Mas a decisão da Justiça pode ter vindo tarde demais. O vice-governador, Luiz Paulo Corrêa da Rocha, disse que pretende analisar o conteúdo da sentença da Justiça para decidir o recurso cabível, mas adiantou que, hoje, pouco poderá ser feito:

- A única coisa que se pode fazer atualmente é a delimitação dos fundos da favela. A extensão da Favela de Rio das Pedras já chega quase à Lagoa do Camorim. Sem dúvida, a favela é um dos grandes problemas deixados para o Rio. É horizontal, praticamente ao nível do mar.

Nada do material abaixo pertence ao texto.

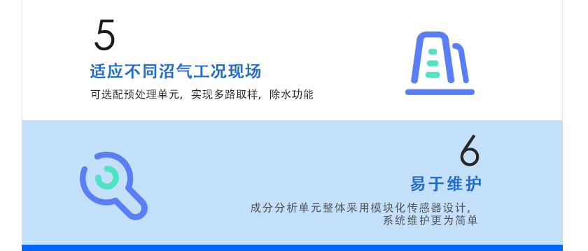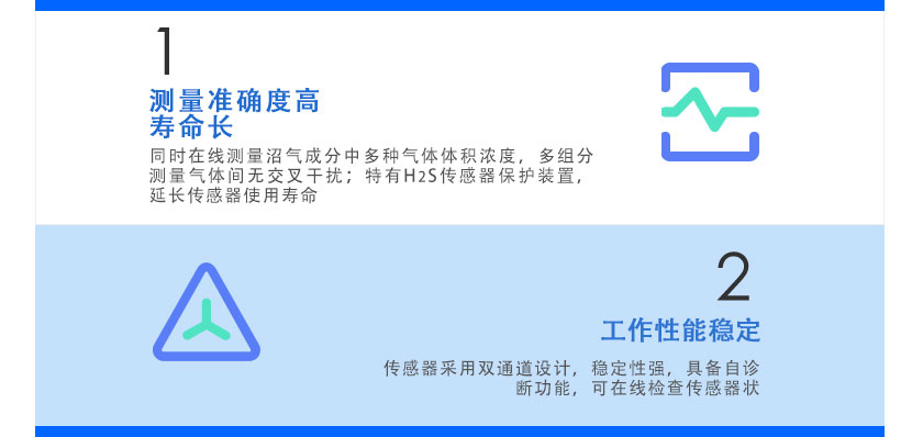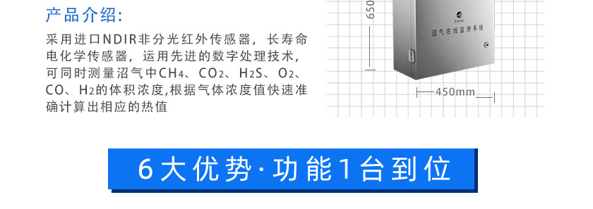 采用進口NDIR非分光紅外傳感器,長壽命電化學傳感器,運用先進的數(shù)字處理技術(shù),可同時測量沼氣中CH4、CO2、H2S、O2、CO、H2的體積濃度,根據(jù)氣體濃度值快速準確計算出相應的熱值。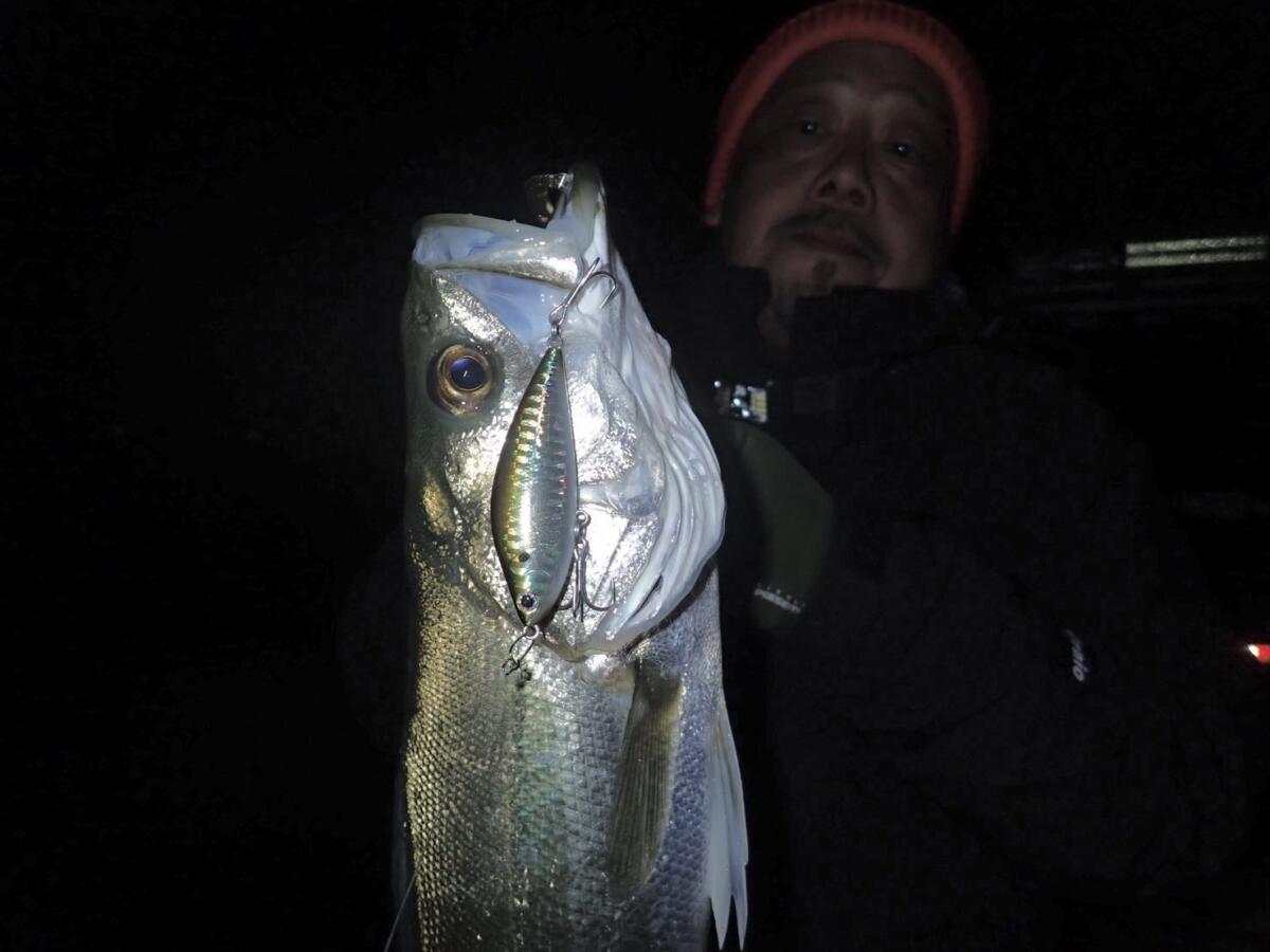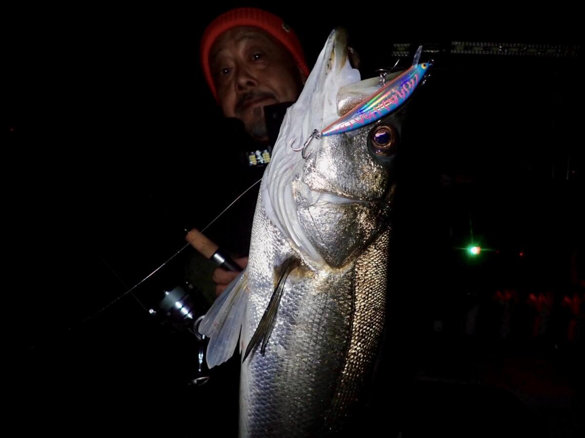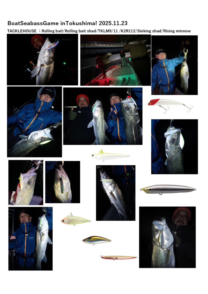 っとアットホームなイベントとは言え午後3時の終了時にはそれなりに疲れてはいましたが、片づけを終え、ボートキャプテン松下くん行きつけのガストでディナーをし、日没からは「徳島ボートシーバス」。現在の遊漁船グリッターのキャプテン松下くんは彼が高校生からの仲。(岡山から徳島の大学にきてもう5年とか?)すっかり釣りざんまいの毎日の様でしてこの日も「行きましょうタケダさん!」っと誘ってくれました。無風&微風のこの日の吉野川河口域周辺。「4日前にはまさかの季節外れな大量のバチ抜け?」っとのことで「まさかのバチルアー」も持参しての乗船でしたが予想通り?(笑)バチの気配はなく、潮の下がるタイミング狙ってポイントへ。…秋から始まりかけているイナッコ付きのリバーシーバスを狙います。この日はこのたび㈱タックルハウスの新社長就任となりました及川社長と2人で乗船(27ftの和船タイプの遊漁船はとても広く贅沢であります!)下げはじめを前に持ってきたライジングミノーやピットスティックをキャストすると超ショートバイト!「意識してるんかバチ?」っと思っているとクルーズペンシルを投げていた及川社長に連続バイト!4匹も先を越された後に(笑)本格的な下げに入り怒涛のラッシュ!TKLM90/ブルーオーシャン90/ローリングベイト/ローリングベイトシャッド/K2R112…「何でも釣れるんか?」っと思い気や少しサイズUPさせたTKLM120やBKF115(縄文)などにはややショートバイト?まだパターンは始まったばかりでイナッコやスズキの群れが小さいのか潮がそれほど動かないせいなのかはわかりませんがこの日は8-9cmプラグ(シンキングタイプ)が絶好調。潮が緩みだすと顕著にご存じ「シンキングシャッド」のドリフト&一瞬のフォールが最強パターンとなってまたまたどんどん釣ります。…3時間も経たずにじゅうぶんな釣果に恵まれたので気持ちよく収竿。いつもは謙虚ながら今夜は僕の倍は釣ってしまった及川社長でありました(笑)

Semana passada, a Prefeitura teve de suspender obras de dragagem do canal de Rio das Pedras por causa do afundamento do solo, na verdade turfa (matéria esponjosa, feita de restos de vegetais em variados graus de decomposição). Barracos próximos ao canal foram destruídos. A dragagem faz parte do projeto Favela-Bairro em Rio das Pedras, que prevê a limitação com prédios, para abrigar 800 famílias. Segundo Sérgio Maurício Oliveira, subgerente do Favela-Bairro em Rio das Pedras, hoje a favela tem cerca de 50 mil habitantes.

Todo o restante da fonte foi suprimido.